== Record set ==
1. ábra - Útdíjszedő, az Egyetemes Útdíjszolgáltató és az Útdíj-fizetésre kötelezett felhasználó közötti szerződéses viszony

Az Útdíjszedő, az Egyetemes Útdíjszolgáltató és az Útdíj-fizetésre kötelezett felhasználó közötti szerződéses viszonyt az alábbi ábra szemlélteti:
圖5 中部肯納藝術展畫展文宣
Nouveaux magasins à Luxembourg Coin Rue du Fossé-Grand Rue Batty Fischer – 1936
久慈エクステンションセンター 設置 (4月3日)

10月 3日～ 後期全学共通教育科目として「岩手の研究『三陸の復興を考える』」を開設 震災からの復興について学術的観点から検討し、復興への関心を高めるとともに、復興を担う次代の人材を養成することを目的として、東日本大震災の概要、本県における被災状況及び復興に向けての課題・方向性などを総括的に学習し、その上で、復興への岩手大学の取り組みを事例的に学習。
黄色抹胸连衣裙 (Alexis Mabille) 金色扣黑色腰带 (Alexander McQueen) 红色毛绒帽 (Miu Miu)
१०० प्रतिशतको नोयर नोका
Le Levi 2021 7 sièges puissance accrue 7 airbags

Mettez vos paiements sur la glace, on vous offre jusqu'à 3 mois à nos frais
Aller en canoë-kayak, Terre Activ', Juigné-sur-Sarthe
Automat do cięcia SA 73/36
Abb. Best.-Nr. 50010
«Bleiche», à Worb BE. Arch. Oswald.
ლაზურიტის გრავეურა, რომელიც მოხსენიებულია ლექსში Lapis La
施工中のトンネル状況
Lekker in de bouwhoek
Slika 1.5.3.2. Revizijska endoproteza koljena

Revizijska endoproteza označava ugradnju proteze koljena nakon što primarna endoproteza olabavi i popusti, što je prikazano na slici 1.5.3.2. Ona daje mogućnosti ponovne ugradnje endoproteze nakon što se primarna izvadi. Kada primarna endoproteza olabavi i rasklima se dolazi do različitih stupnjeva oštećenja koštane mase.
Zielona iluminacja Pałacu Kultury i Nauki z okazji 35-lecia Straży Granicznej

== About this task ==
Take the entries above and return only the lines from the one with "久慈エクステンションセンター 設置 (4月3日)" to the one with "Slika 1.5.3.2. Revizijska endoproteza koljena", both included, unchanged.

== Output for this task ==
久慈エクステンションセンター 設置 (4月3日)

10月 3日～ 後期全学共通教育科目として「岩手の研究『三陸の復興を考える』」を開設 震災からの復興について学術的観点から検討し、復興への関心を高めるとともに、復興を担う次代の人材を養成することを目的として、東日本大震災の概要、本県における被災状況及び復興に向けての課題・方向性などを総括的に学習し、その上で、復興への岩手大学の取り組みを事例的に学習。
黄色抹胸连衣裙 (Alexis Mabille) 金色扣黑色腰带 (Alexander McQueen) 红色毛绒帽 (Miu Miu)
१०० प्रतिशतको नोयर नोका
Le Levi 2021 7 sièges puissance accrue 7 airbags

Mettez vos paiements sur la glace, on vous offre jusqu'à 3 mois à nos frais
Aller en canoë-kayak, Terre Activ', Juigné-sur-Sarthe
Automat do cięcia SA 73/36
Abb. Best.-Nr. 50010
«Bleiche», à Worb BE. Arch. Oswald.
ლაზურიტის გრავეურა, რომელიც მოხსენიებულია ლექსში Lapis La
施工中のトンネル状況
Lekker in de bouwhoek
Slika 1.5.3.2. Revizijska endoproteza koljena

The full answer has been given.